Only one ballot was needed to put Nielson in charge.

"All right," said Ushur to the new captain. "You're the boss now. We're
all behind you. What are you going to do?"

"Do? I--" Nielson looked startled. He glanced at Hargraves.

The former captain sighed. It was easy enough to elect a new leader.
Vehemently he wished that all problems could be solved so easily.

"I suggest," he said, "--and this is only a suggestion--that we attempt
to find the ship, and if possible, to regain possession of her. She is
the only tool we have to work with."

"That is exactly what I was going to say," Nielson said emphatically.
"Find the ship."

To give him credit, he set about the job in a workmanlike manner,
sending two scouts ahead of the main group, throwing out a scout on each
flank. The only way they could hope to find the ship was by following
the course it had taken through the air. Since Sarkoff, in taking over
the vessel, had not disarmed them, each possessed a vibration pistol. In
a fight against ordinary enemies they would be able to give a good
account of themselves. But would any enemy they met likely be ordinary?

Hargraves drew Usher aside. "I would like to talk to you," he said.
"What actually happened when the ship was taken?"

"I don't know, Jed," the archeologist ruefully answered. "I was in my
cabin. The first thing I knew I heard a hell of a hullabaloo going on up
in the control room. I dashed up there to see what was going on."

"What was happening?"

"Nielson, Rodney, Turner, and a couple of others were there. So
were--well, they looked like Sarkoff and Ron Val. Nielson was getting up
off the floor. Sarkoff and Ron Val had both drawn their guns and were
covering the group. When I came charging in, Sarkoff covered me. Before
I could recover from my surprise, he and Ron Val had kicked every one of
us out of the ship.
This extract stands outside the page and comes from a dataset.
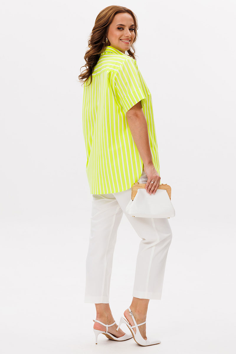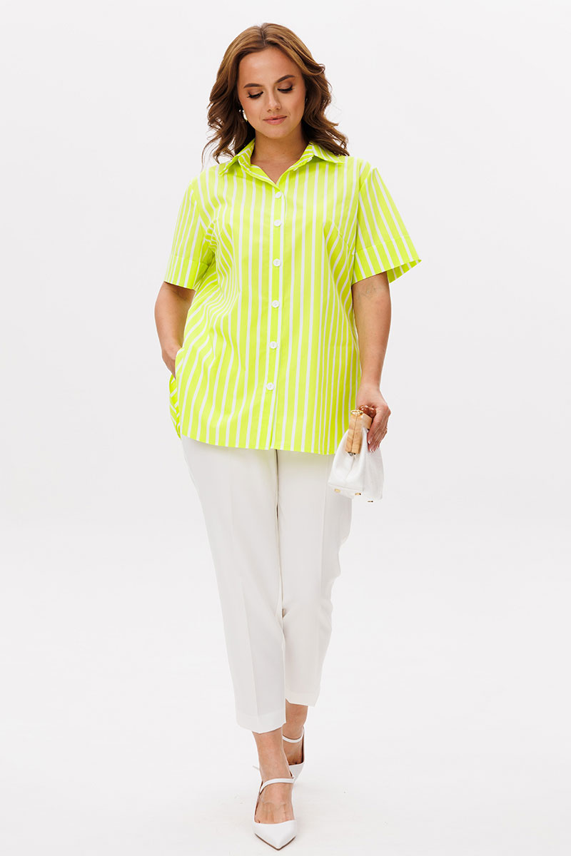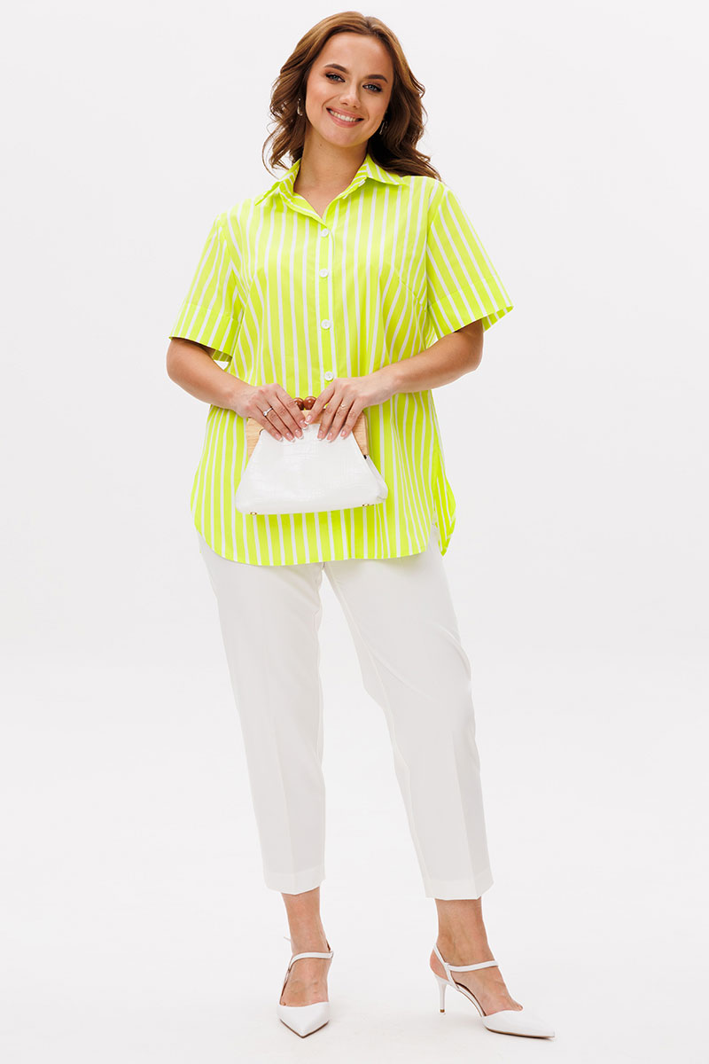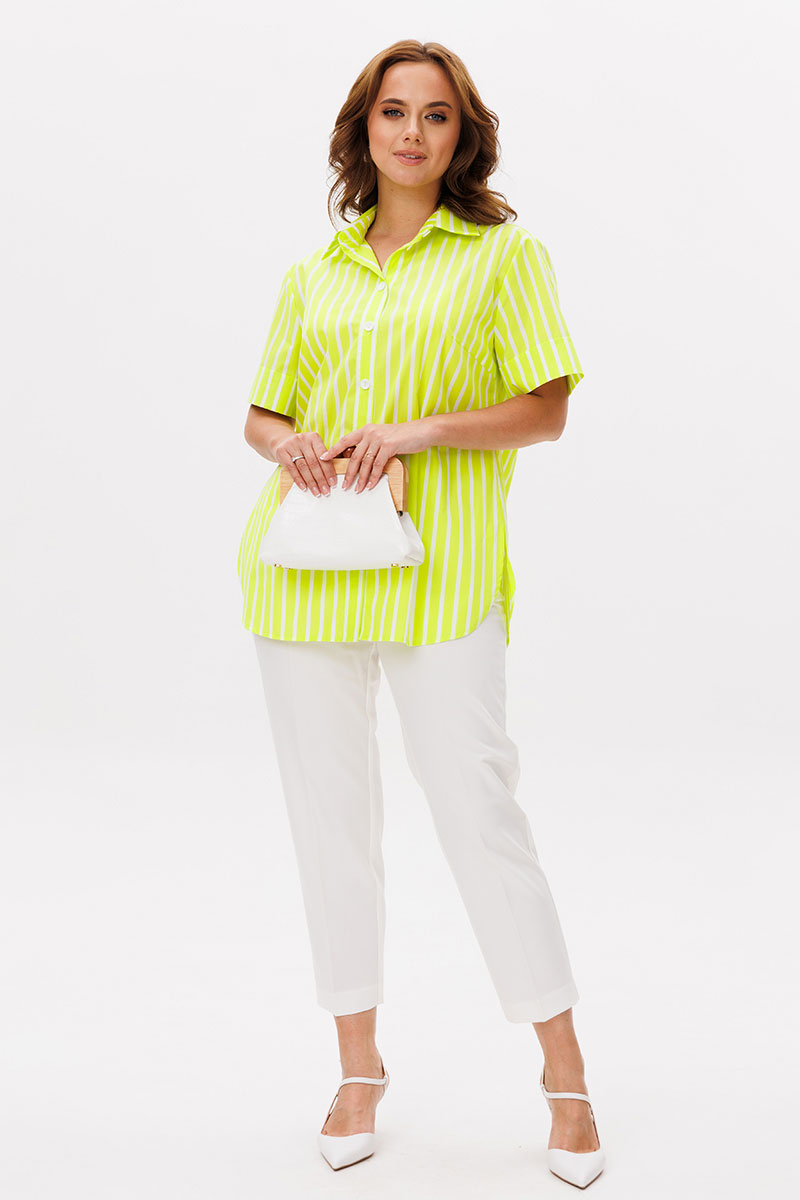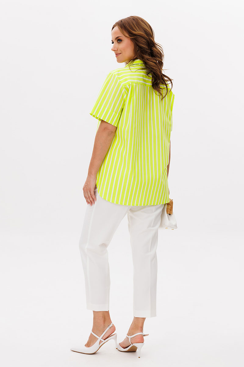Блуза свободного силуэта. Перед с нагрудными вытачками. Спинка с отрезной кокеткой и двумя складками, рукав втачной, одношовный, до локтя. Низ фигурный, с разрезами в боковых швах. Застежка центральная на петли-пуговицы. Воротник с отрезной стойкой.

Then they took off." The archeologist shook his
shaggy head.

"Ron Val was helping?"

"No question about it. Which means, of course, that he was either under
some subtle form of hypnosis, or _it_ wasn't Ron Val. I would bet my
life on his loyalty."

       *       *       *       *       *

"So would I," said Hargraves. And the memory came back of how thrilled
Ron Val had been at the prospect of landing on this, world. "It would
mean a lot to find people here. We could exchange experiences, learn a
lot," Ron Val had said, his face glowing at the thought. All the others
had felt the same way. The Third Interstellar Expedition had no military
ambitions. It was not bent on conquest. The solar system had outgrown
military expeditions, war, and the thought of war, and cruisers went out
from it not to fight but to learn. Knowledge was the thing they sought,
all knowledge, so the human race could determine its place in the
cosmos, could know the history of all things past, could possibly
forecast the shape of things to come.

The landing of the Third Interstellar Expedition on this Vegan world had
been a part of a vast evolution, a march that, starting on earth so long
ago that all history of it was forever lost, was now reaching out across
the cosmos. A new evolution! Ron Val had always been talking about this
new evolution. It was one of his favorite subjects.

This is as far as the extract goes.